Pass to do software pipelining.

Optionslink

-epilogue-peeling    : Try to use un-peeling epilogue when false, peeled epilouge o.w.
-pipeline-depth      : Number of stages 
-schedule-index      : Allows picking different schedule for the pipelining transformation.
-transform-file-name : Optional filename containing a transform dialect specification to apply. If left empty, the IR is assumed to contain one top-level transform dialect operation somewhere in the module.

-iree-codegen-gpu-promote-matmul-operandslink

Pass to insert copies with a different thread configuration on matmul operands

-iree-codegen-gpu-reduce-bank-conflictslink

Pass to try to reduce the number of bank conflicts by padding memref.alloc ops.

Optionslink

-padding-bits : Padding size (in bits) to introduce between rows.

-iree-codegen-gpu-reuse-shared-memory-allocslink

Pass to reuse shared memory allocations with no overlapping liveness.

-iree-codegen-gpu-tensor-alloclink

Pass to create allocations for some tensor values to useGPU shared memory

-iree-codegen-gpu-tensor-tilelink

Pass to tile tensor (linalg) ops within a GPU workgroup

Optionslink

-distribute-to-subgroup : Distribute the workloads to subgroup if true, otherwise distribute to threads.
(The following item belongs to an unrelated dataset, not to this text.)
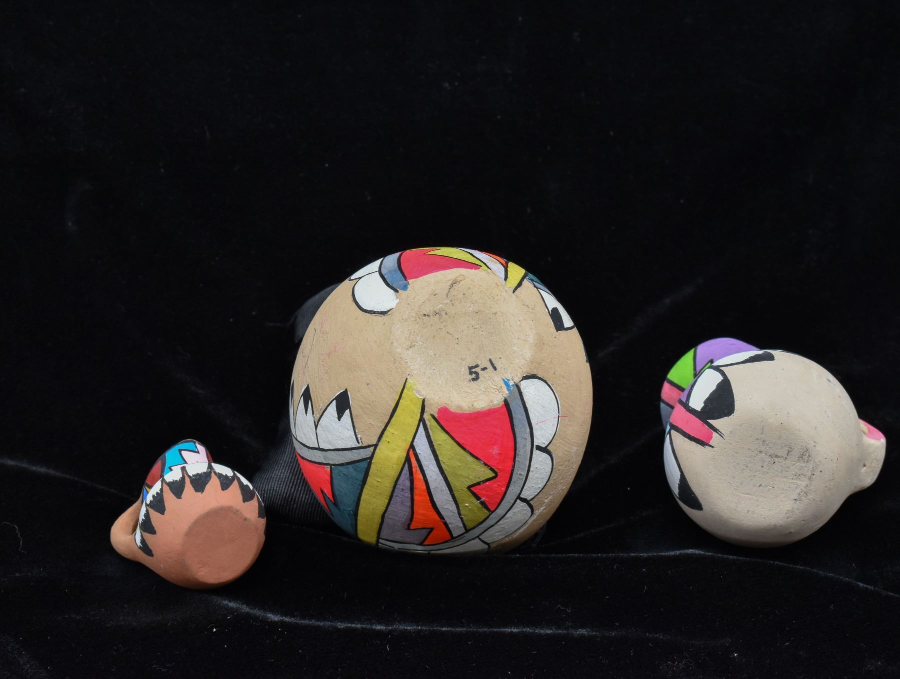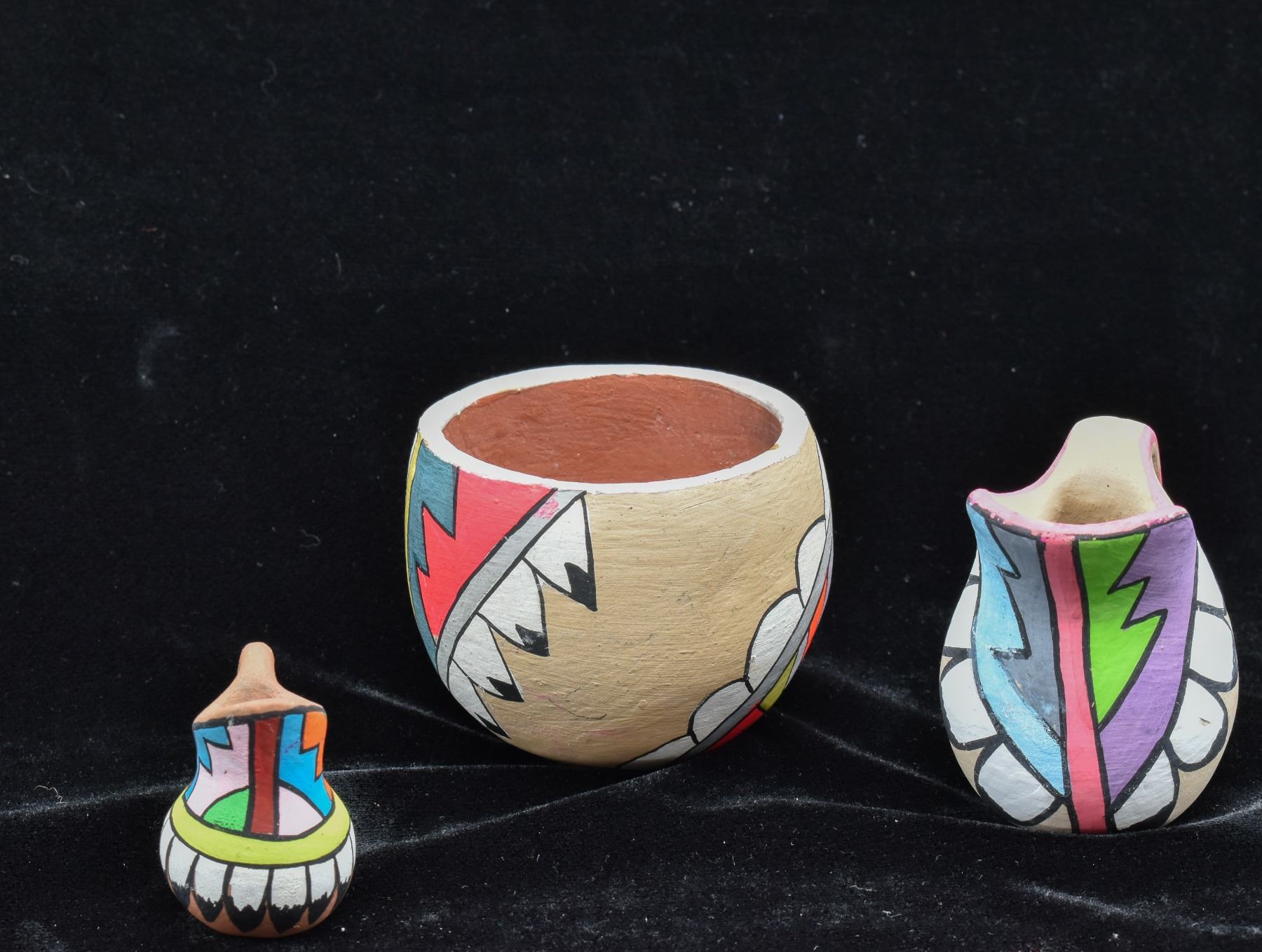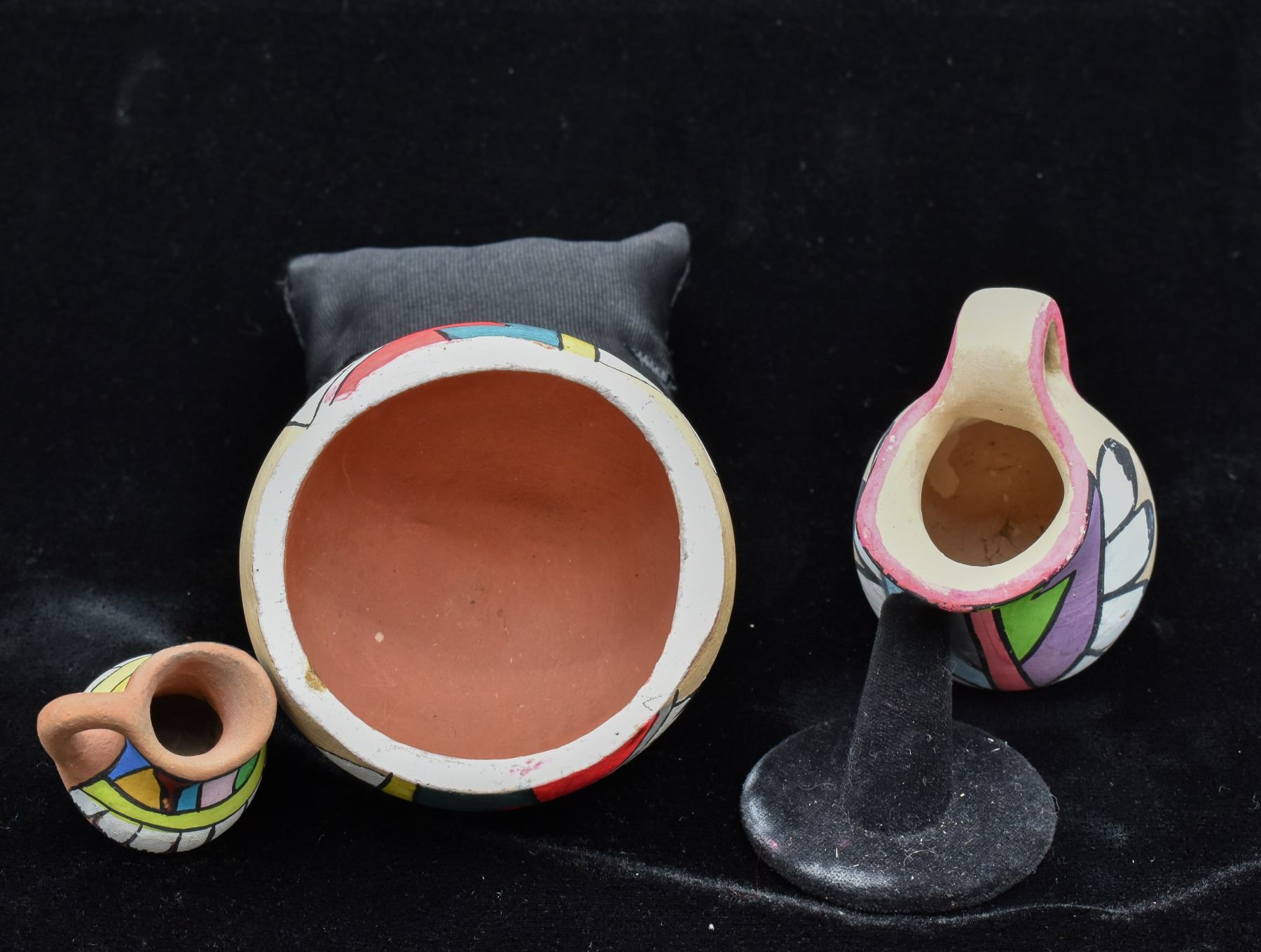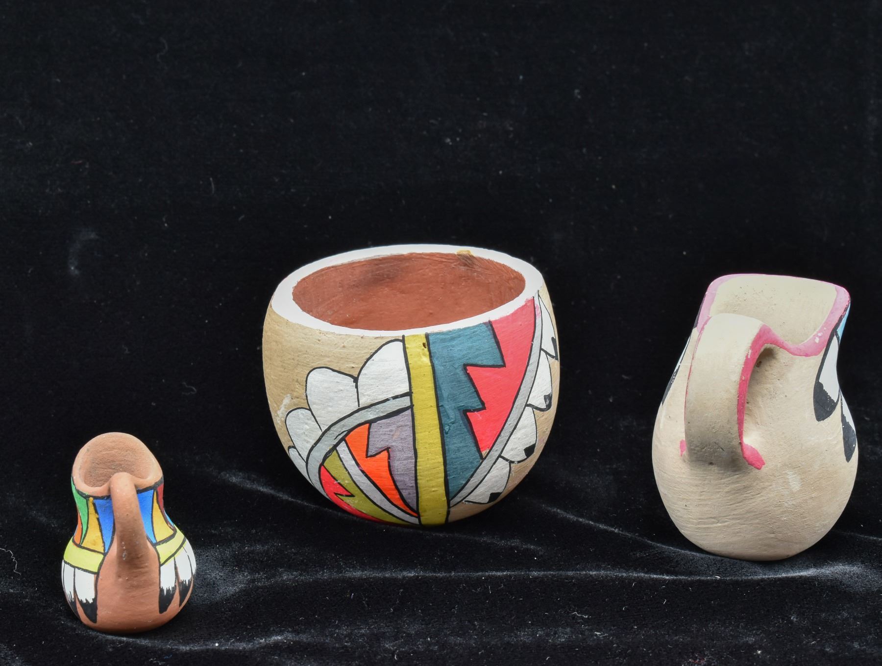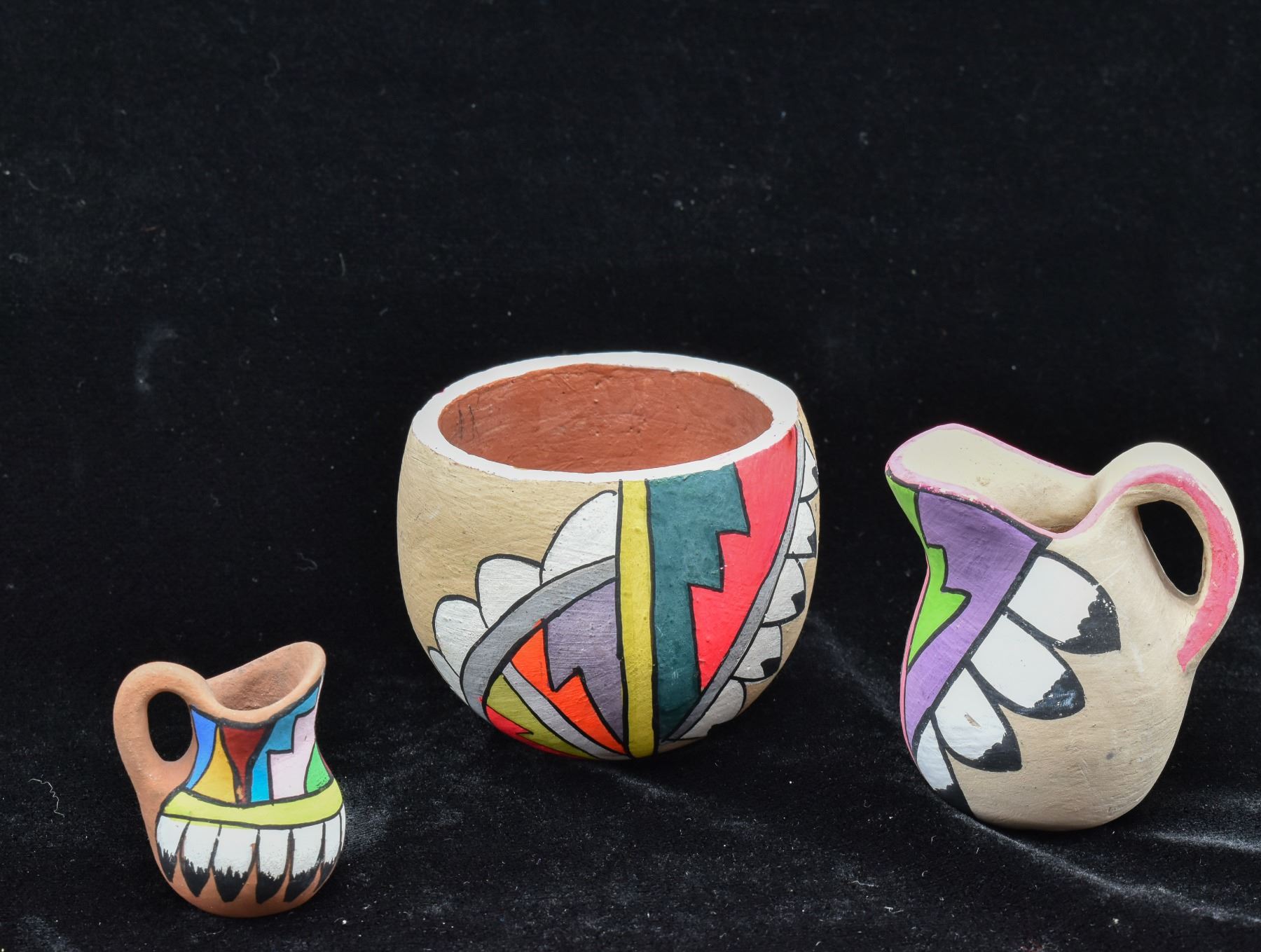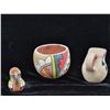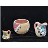 3 Pieces of Native American Jemez Poster Paint Pottery, largest measures 2.5'' x 3'', includes bowl and 2 pitchers

-iree-codegen-gpu-tensor-tile-to-serial-loopslink

Pass to tile reduction dimensions for certain GPU ops

Optionslink

-coalesce-loops : Collapse the loops that are generated to a single loops

-iree-codegen-gpu-tilelink

Tile Linalg ops with tensor semantics to invocations

-iree-codegen-gpu-tile-reductionlink

Pass to tile linalg reduction dimensions.

-iree-codegen-gpu-vector-alloclink

Pass to create allocations for contraction inputs to copy to GPU shared memory

-iree-codegen-gpu-verify-distributionlink

Pass to verify writes before resolving distributed contexts.

-iree-codegen-reorder-workgroupslink

Reorder workgroup ids for better cache reuse

Optionslink

-strategy : Workgroup reordering strategy, one of: '' (none),  'transpose'

-iree-codegen-vector-reduction-to-gpulink

Convert vector reduction to GPU ops.